It begins on December 31, 1979. Liz Headland, Alix Bowen, and Esther Breuer - "the oldest of old friends," part of one another's lives since their Cambridge days twenty-five years earlier - have gathered at Liz's home, where a sprawling New Year's Eve party is about to begin...
Liz is perfectly pulled together, as always; unassumingly elegant ("quite satisfactory," she might say). A successful psychotherapist, she handles career, marriage (twenty years), children (five), and an active social life (two hundred friends expected tonight), with an almost unnatural ease: to the world she seems a rock of good sense, warmth and strength...
Alix, glowing with health, is there without her husband. He'll arrive later; she's completely understanding. She's also compulsively generous, and committed: to her husband, her sons, her friends, and her students; young women in prison - her commitments burning on a fuel of highly politicized ideals and volatile romanticism...
Esther looks familiarly eccentric (but precisely groomed) in her well-worn embroidered Chinese dress. Diminutive in stature, she stands out by virtue of an arresting strength of mind and a fantastic array of interests: from the obscure Italian Renaissance artist who is her life's work to the mad contemporary Italian anthropologist who is her life's obsession...

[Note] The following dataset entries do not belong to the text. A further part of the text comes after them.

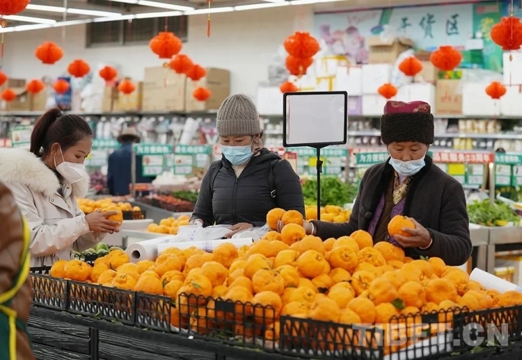 資料圖:2023年春節(jié)、藏歷新年前夕山南市各族群眾在超市選購年貨
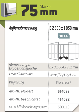 Schaukasten "1000" 75 mm, 30 x A4
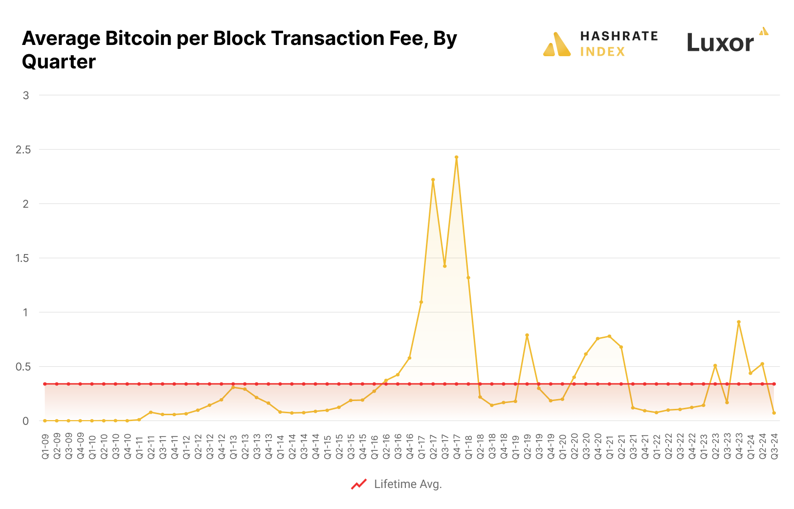 After a period of post-halving volatility, Bitcoin transaction fees hit some pretty shocking lows in Q3 2024. As BRC-20, Ordinals and Runes activity subsided, average transaction fees per block (on a Bitcoin denominated basis) were lower than any quarter since Q2 2014. In fact, Q3 2024’s average fees per block of 0.073 BTC is approximately 80% lower than the lifetime average figure of 0.34 BTC per block since Bitcoin’s inception.
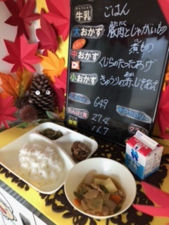 本日の給食は、「くじらのたつたあげ、豚肉とじゃがいもの煮もの、きゅうりの赤じそあえ、ごはん、牛乳」でした。

Three friends with good lives - not extravagant, not without problems, but full and fulfilling, lived with intelligence and ardor, and studded with pleasures. Yet, as the seventies give way to the eighties, what each ahs assumed for herself, what each has grown accustomed to, gives way to the unexpected and to upheaval. As we follow them through the next five years, we see their world changing around them and we see each woman confronted with difficult, often painful, truths - about this new world and, more profoundly, about herself within it.
The narrative, woven through with the past, reveals the intertwining roads the women have.